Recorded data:
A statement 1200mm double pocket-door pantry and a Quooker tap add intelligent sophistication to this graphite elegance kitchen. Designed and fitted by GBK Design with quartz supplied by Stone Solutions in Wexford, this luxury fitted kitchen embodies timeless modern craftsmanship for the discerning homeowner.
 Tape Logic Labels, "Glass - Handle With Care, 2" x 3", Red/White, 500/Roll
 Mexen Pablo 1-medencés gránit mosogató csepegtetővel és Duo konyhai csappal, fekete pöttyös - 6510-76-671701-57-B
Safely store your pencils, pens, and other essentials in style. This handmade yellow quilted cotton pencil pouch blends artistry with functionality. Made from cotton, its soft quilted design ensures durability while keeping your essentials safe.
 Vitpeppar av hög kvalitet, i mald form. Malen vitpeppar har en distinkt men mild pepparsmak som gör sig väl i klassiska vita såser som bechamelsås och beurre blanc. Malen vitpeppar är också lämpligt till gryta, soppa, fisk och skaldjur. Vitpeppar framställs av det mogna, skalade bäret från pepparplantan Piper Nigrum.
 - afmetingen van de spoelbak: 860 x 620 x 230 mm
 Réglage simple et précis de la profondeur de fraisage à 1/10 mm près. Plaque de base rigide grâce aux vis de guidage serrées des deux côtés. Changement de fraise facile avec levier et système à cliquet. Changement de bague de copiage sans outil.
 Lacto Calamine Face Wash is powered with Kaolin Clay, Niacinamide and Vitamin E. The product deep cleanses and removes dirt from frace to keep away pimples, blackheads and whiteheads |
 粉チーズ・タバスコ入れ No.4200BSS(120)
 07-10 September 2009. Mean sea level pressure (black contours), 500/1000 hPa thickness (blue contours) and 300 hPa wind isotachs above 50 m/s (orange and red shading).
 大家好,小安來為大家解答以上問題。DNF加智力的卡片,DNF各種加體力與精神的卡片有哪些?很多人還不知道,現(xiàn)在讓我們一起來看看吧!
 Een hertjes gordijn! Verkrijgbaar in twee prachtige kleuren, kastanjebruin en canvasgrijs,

Task instructions: Your answer should be a single number: the count of lines in the data that include the word "from".

Solution for this task: 2